Show that $\|XY-YX\|^2\le2\|X\|^2\|Y\|^2$ for diagonal matrix $X$ and any matrix $Y\in M_n$

Question

I am studying on the topic of norm of the commutator and I would like to solve the following problems:

For any matrix $X\in M_n$, $\|X\|=\sqrt{\sum|x_{ij}|^2}=\sqrt{trA^*A}$ , where $A^*$ is the conjugate transpose of $A$(So the field is $\mathbb C$).

Let $X=diag(x_1,x_2,...,x_n)$ be a diagonal matrix in $M_n$. Show that $\|XY-YX\|^2\le2\|X\|^2\|Y\|^2$ for any matrix $Y\in M_n$.

This is the first part of my problem. I try the question in this way:

$X=\operatorname{diag}(x_1,x_2,...,x_n)$, $Y=\begin{bmatrix}y_{11} & y_{12} & ... & y_{1n}\\y_{21} & y_{22} & ... & y_{2n}\\ \vdots & \vdots & \ddots & \vdots \\y_{n1} & y_{n2} & ... & y_{nn}\end{bmatrix}$

then $$XY-YX=\begin{bmatrix}(x_1-x_1)y_{11} & (x_1-x_2)y_{12} & ... & (x_1-x_n)y_{1n}\\(x_2-x_1)y_{21} & (x_2-x_2)y_{22} & ... & (x_2-x_n)y_{2n}\\ \vdots & \vdots & \ddots & \vdots \\(x_n-x_1)y_{n1} & (x_n-x_2)y_{n2} & ... & (x_n-x_n)y_{nn}\end{bmatrix}$$

So $\|XY-YX\|^2=\sum|(x_i-x_j)y_{ij}|^2$ for $1\le i,j\le n$ and I get stuck in this step.

The second part of my problem is:

If $X$ is a normal matrix, show that the inequality is still true. I have no idea how to start with the second problem.

Answer 1

The slightly more general version of your question was in fact Conjectured back in 2005 for arbitrary matrices (without the assumption that $X$ is diagonal) by Bottcher and Wenzel. It was proven shortly after by Vong and Jin, and you can see the follow-up paper by the authors of the conjecture here with the proof of the desired fact.

The proof by Bottcher and Wenzel doesn't appear to be simple enough to explain in an MSE post. That being said I will show you how elementary methods can get you a weaker bound that is off by a factor of only $2$.

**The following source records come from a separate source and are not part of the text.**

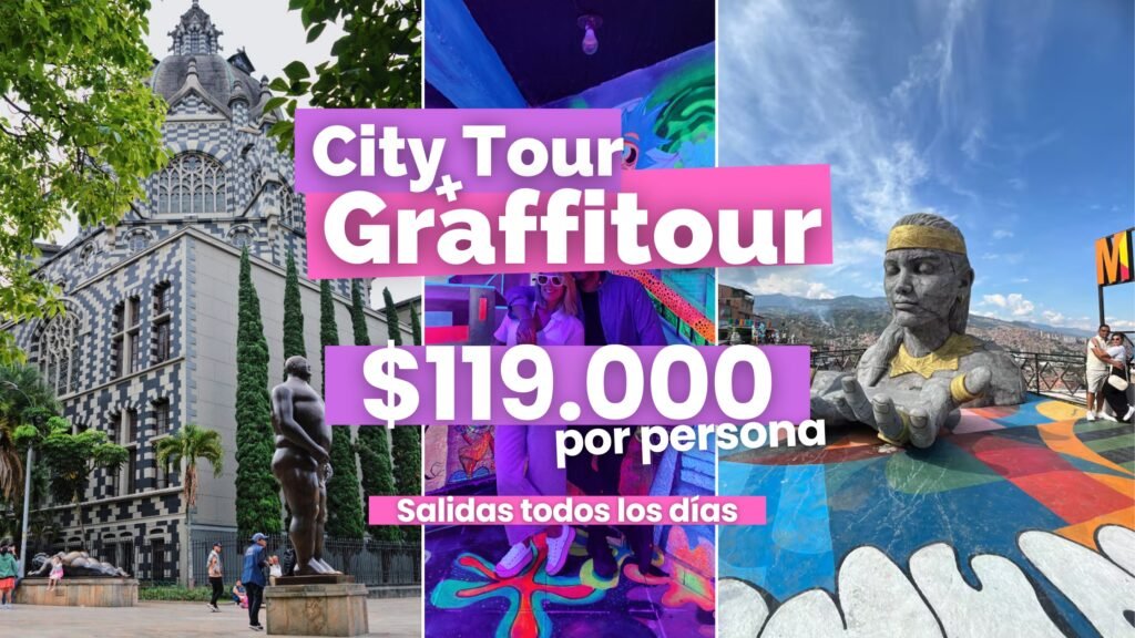Es una experiencia que combina arte, cultura, historia, baile y mucha música, mostrando la transformación social y cultural de la ciudad. Cada lugar que visitarás te sorprenderá: desde las imponentes esculturas de bronce en la Plaza Botero, hasta los coloridos graffitis y expresiones urbanas de la Comuna 13, uno de los símbolos de cambio más reconocidos a nivel mundial.
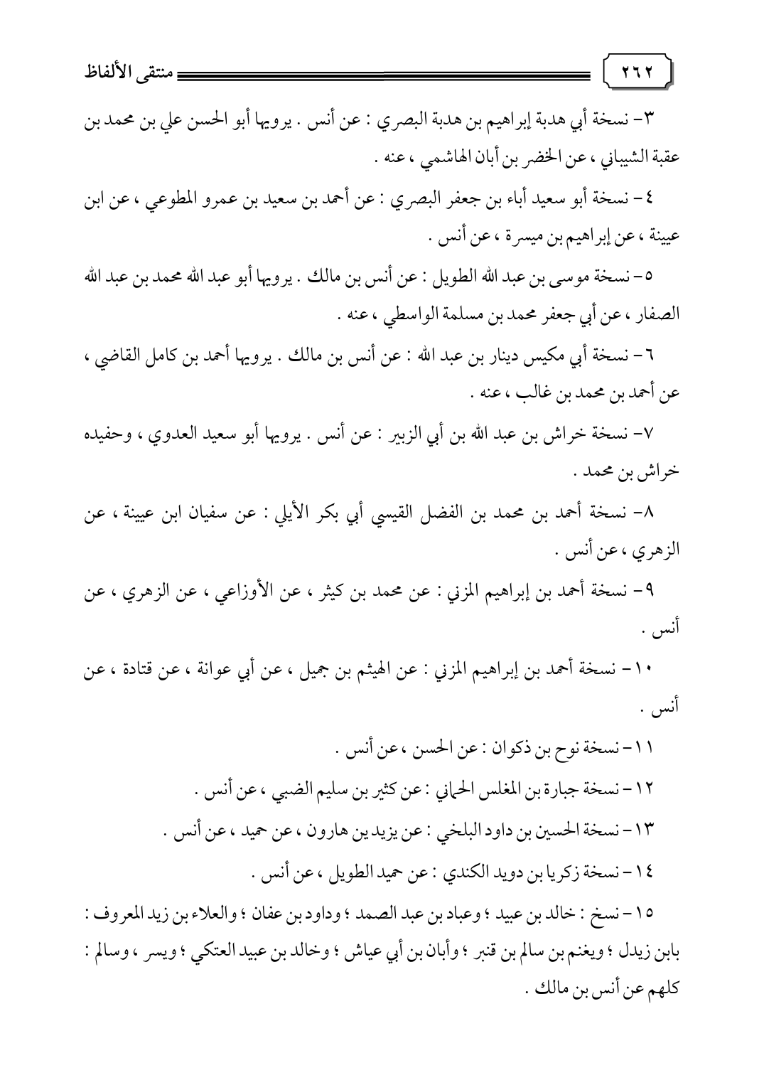 ١٥ - نسخ: خالد بن عبيد؛ وعباد بن عبد الصمد؛ وداود بن عفان؛ والعلاء بن زيد المعروف: بابن زيدل؛ ويغنم بن سالم بن قنبر؛ وأبان بن أبي عياش؛ وخالد بن عبيد العتكي؛ ويسر، وسالم: كلهم عن أنس بن مالك.
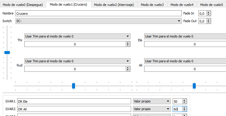 Precaución: Si dejáramos valor 0 en alguna de estas variables en alguna de las Fases de Vuelo definidas….nos quedaríamos sin mando…..
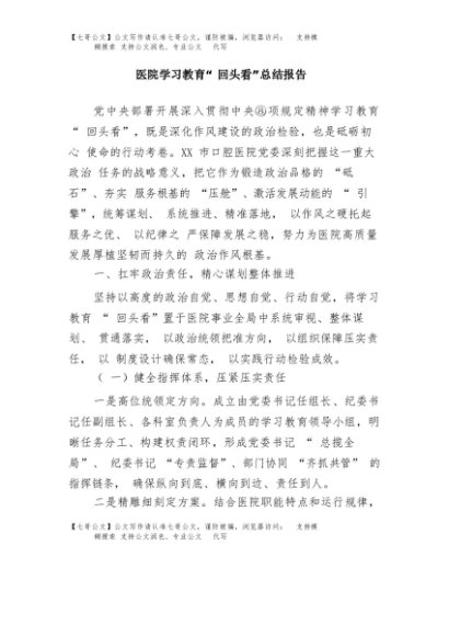 / 【七哥公文】2025年:医院学习教育“回头看”总结报告+更多免费公文+VX:QiGeGongWen2024
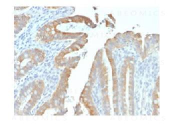 Figure 1: Formalin-fixed, paraffin-embedded Human Colon stained with Cytokeratin 19 Mouse Recombinant Monoclonal Antibody (rKRT19/799).
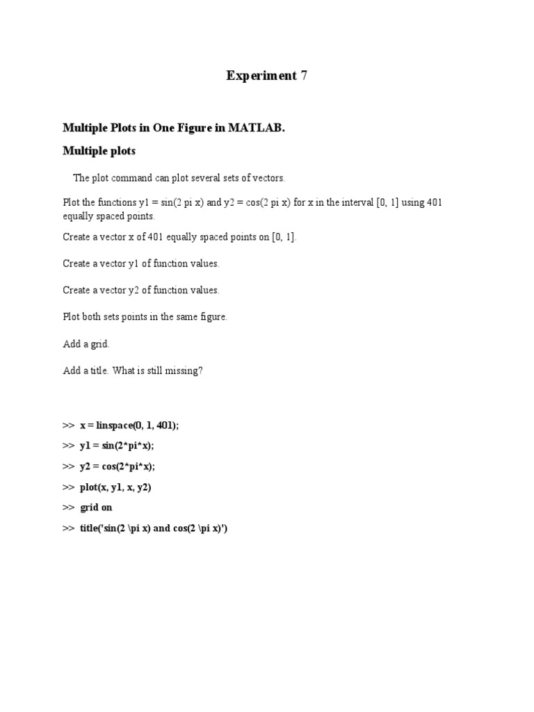 Sometimes you want a single figure containing several individual subplots. The MATLAB
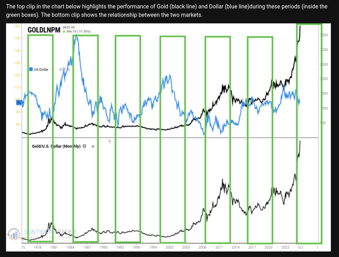 Sekulära 4-års cykler för guld. Vi ser att guldpriset (övre grafen, svart linje) tenderat att gå 4 år plus följt av 4 år minus/sidledes. Aktuell period 2025-2028 är en positiv period. USD (blå linje) uppvisar motsatt förhållande. Källa: Sentimentrader.com.
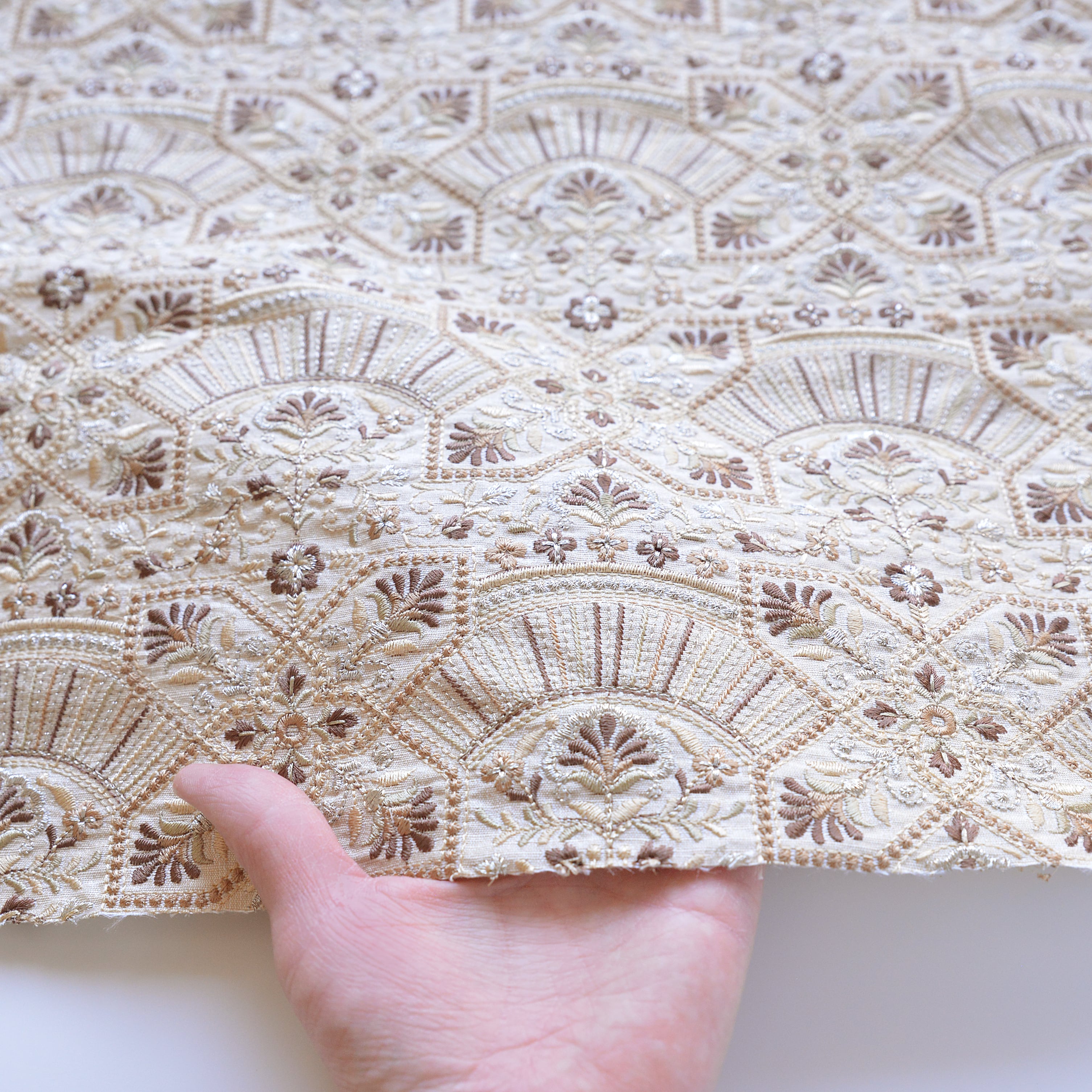 【再販】インド刺繍生地 オリエンタル ブラウン 高級生地 23K53
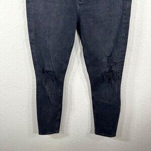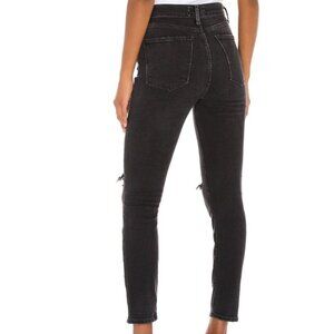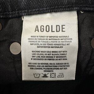 AGOLDE Nico High Rise Slim Jeans in Cassette. 98% cotton, 2% elastane. Light fading and destroyed detail. Button fly. 5-pocket design. Black slim leg distressed jeans. *AI cover photo depicting style of jeans.
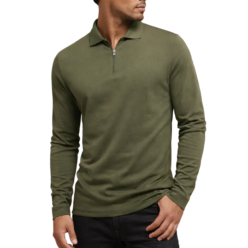 Men’s Long Sleeve Polo Shirt with Quarter Zip
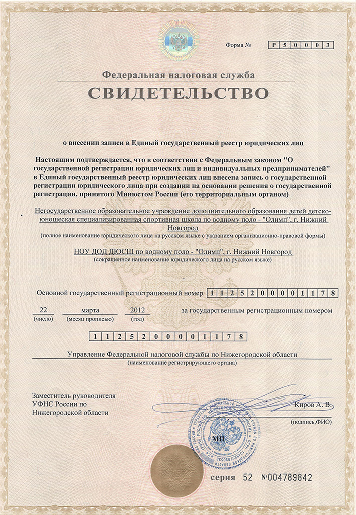 СВИДЕТЕЛЬСТВО О ВНЕСЕНИИ ЗАПИСИ В ЕДИНЫЙ ГОСУДАРСТВЕННЫЙ РЕЕСТР ЮРИДИЧЕСКИХ ЛИЦ
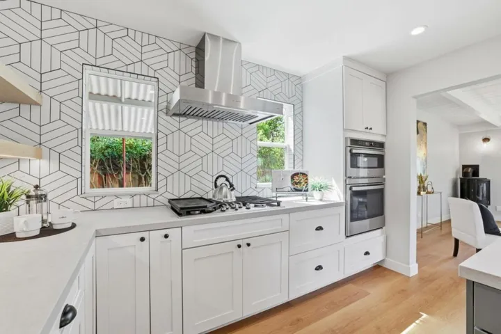 Welcome to this charming East facing Santa Clara home located on a quiet street, peaceful prime central location. Close to major freeways and expressways, leading tech companies including Nvidia, Intel, and Apple, Levi Stadium, Santa Clara University, Kaiser Hospital, and premier shopping and dining at Valley Fair and Santana Row. Featuring stunning open concept gourmet kitchen with super size stone counter and island, custom white cabinets, stylish backsplash, stainless steel appliances, gas cook top with exhaust vent, microwave, refrigerator, disposal a deep sink, and walk-in pantry. Tons of counter space and storage. Large breakfast bar and hi tech lighting. All of this opening up to a bright and spacious family room featuring a cozy gas fireplace and oversize windows. Updated bathrooms. Separate laundry room featuring built-in cabinetry, large laundry sink. Double pane windows, custom molding, decorative and recessed LED lighting, air conditioning and smart thermostat. Two car garage with automatic door opener. The easy-care backyard features numerous fruit and citrus trees, raised planter beds, synthetic turf, composite deck with accent lighting. Automatic front and rear sprinklers with BHYVE controller to water the mature landscaping. Home remodeled with permits.
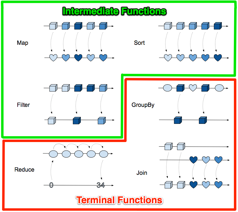 Look at the various intermediate and terminal functions in the following functor diagram. They are all functors. When a function, for example, Map, is provided with a set of values as input, it will apply a transformation on the elements and produce output that will be a different set of values.

The matrix norm you mention is called the Frobenius norm, so we will denote it by $\|\cdot\|_F$. To obtain a slightly weaker bound, you can use the fact that $(M_n(\mathbb{C}),\|\cdot\|_F)$ is a Hilbert space (with the Frobenius a.k.a Hilbert-Schmidt inner-product), and therefore the parallelogram law holds. In other words, for any complex $n\times n$ matrices $X,Y$ we have that $$\|XY-YX\|_F^2+\|XY+YX\|_F^2=2\|XY\|_F^2+2\|YX\|_F^2.$$

Another useful fact is that the Frobenius norm is submultiplicative and therefore $$\|XY\|_F\leq \|X\|_F\|Y\|_F,$$ for any $X,Y\in M_n(\mathbb{C})$.

Combining these two facts we can see that for any matrices $X$ and $Y$ $$\|XY-YX\|_F^2\leq 2\|X\|_F^2\|Y\|_F^2+2\|Y\|_F^2\|X\|_F^2=4\|X\|_F^2\|Y\|_F^2.$$

The above bound is weaker than the bound in the question (which is in fact tight), however, it can be proven using elementary results.

Remark 1. I have not used the fact that $X$ is diagonal... perhaps the argument in the proof is easier with this assumption, however, this was not obvious...

Remark 2 As mentioned in the comments the Frobenius norm is unitarily invariant, and therefore if $U\Sigma V$ is the singular value decomposition of $X$ with $\Sigma$ being the diagonal matrix of singular values then $\|X\|_F=\|U\Sigma V\|_F=\|\Sigma\|_F$, in particular, if $X$ was normal then $V=U^*$, and the same thing would essentially hold.